Feb 5, 2010 new to market $1.595mm
April 15   $1.775mm
Jan 7, 2011   $1.695mm
Feb 15 contract  
Mar 22 sold $1,589,371

One gets the sense that they might have sold at (near) $1,589,371 had they not taken that leap to $1.775mm on Tax Day a year ago (you know this year’s Tax Day is April 18, right?). Would have saved carrying charges, not to mention the invitations, balloons and cake for the first birthday party.

new reno
Loft #3A is said to be “1,653 sq ft” with a new “amazing very high end designer renovation”, apparently after the sponsor regained control of the unit (prior rental tenant left?). After a conversion to residential condominiums in 2002, perhaps the sponsor was playing with House Money, but it is interesting the decisions they made about pricing (specifically, the decision to raise the price last April). They paid attention to details in the renovation, as I especially like the windows: “[b]rand new high-end kitchen, oversized new large tilt and turn windows, central A/C and two new spa bathrooms”.

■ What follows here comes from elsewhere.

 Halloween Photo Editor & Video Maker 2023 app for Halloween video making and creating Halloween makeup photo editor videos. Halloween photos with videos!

wrong lesson learned from neighbor’s sale?
When the sponsor brought #3A to market at $965/ft 14 months ago, #4D had been for sale for quite a while (note the contract date, compared to the sponsor’s decision to jump the #3A price):

April 15, 2009 new to market $1.999mm
Aug 21   $1.899mm
Oct 15   $1.85mm
Feb 16, 2010 hiatus  
Feb 27 change firms $1.825mm
April 28 contract  
June 18 sold $1.7mm

The condition of #4D was equal to the newly-dressed-for-the-ball #3A, if not its superior based on the babble. #4D is slightly larger, at “1,777 sq ft”. I have to wonder if the sponsor was distracted by the $957/ft that #4D got after chilling through the nuclear winter, and fighting through 3 price drops. The dates don’t line up right, but are close enough for me to wonder if the April 28, 2010 contract for #4D at $957/ft may have had something to do with the sponsor raising the price of #3A from $965/ft on April 15, 2010 to $1,074/ft.

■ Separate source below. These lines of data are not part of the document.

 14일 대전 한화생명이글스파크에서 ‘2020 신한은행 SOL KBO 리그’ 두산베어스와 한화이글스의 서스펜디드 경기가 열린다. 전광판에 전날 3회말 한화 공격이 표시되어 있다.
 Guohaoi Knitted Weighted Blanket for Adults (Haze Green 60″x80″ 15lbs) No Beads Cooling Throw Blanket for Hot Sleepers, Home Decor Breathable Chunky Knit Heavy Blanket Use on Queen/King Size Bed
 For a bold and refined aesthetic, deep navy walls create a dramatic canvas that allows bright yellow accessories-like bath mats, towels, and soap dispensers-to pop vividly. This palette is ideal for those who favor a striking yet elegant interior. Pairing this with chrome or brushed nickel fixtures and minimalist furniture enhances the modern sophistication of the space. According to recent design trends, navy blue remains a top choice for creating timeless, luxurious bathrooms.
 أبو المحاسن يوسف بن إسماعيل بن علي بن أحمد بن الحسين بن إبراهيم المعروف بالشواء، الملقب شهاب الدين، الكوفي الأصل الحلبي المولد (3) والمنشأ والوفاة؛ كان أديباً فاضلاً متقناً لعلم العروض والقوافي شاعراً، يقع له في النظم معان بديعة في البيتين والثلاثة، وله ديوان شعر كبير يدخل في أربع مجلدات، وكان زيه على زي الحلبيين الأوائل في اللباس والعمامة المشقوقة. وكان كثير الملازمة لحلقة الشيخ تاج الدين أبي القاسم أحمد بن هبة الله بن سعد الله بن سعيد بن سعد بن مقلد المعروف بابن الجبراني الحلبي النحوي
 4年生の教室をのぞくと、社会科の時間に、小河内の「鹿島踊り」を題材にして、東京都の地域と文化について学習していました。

Whatever the reason, that business decision did not work out for the sponsor, as the #3A clearing price 3 weeks ago was $961/ft, essentially where they had started 14 months ago.

new lobby (finally!)
If the last photo (rendering) is accurate, this building finally has a new lobby. Congratulations! This building is definitely a MLG fave, although it was a few years between posts; note the dialogue with a reader about that (formerly) ‘dated’ lobby in the September 12, 2007 post:

Seriously, do you think the sponsor is smiling about getting $961/ft for an "amazing" renovation, after the white box soldin January for $847/ft? Definitely not laughing (nor am I).